→ Exercise requirements: Note each line in the data holding the string "Jurnal" and report it.

→ Data section:
+++

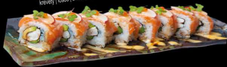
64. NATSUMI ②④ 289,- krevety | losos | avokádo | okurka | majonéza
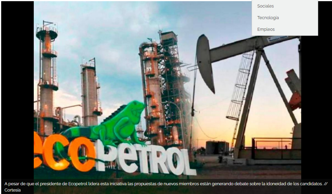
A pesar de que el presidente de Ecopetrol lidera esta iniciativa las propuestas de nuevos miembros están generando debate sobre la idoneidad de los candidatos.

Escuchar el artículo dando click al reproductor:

+++

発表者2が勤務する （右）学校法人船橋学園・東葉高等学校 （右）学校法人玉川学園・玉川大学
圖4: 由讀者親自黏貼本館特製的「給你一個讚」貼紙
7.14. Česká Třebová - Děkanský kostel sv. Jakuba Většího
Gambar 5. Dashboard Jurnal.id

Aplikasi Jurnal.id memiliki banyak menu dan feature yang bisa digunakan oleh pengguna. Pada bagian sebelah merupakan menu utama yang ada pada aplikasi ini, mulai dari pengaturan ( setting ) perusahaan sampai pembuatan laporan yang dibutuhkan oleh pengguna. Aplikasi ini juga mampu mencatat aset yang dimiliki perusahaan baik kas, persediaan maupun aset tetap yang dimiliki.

+++

→ Task response:
Gambar 5. Dashboard Jurnal.id
Aplikasi Jurnal.id memiliki banyak menu dan feature yang bisa digunakan oleh pengguna. Pada bagian sebelah merupakan menu utama yang ada pada aplikasi ini, mulai dari pengaturan ( setting ) perusahaan sampai pembuatan laporan yang dibutuhkan oleh pengguna. Aplikasi ini juga mampu mencatat aset yang dimiliki perusahaan baik kas, persediaan maupun aset tetap yang dimiliki.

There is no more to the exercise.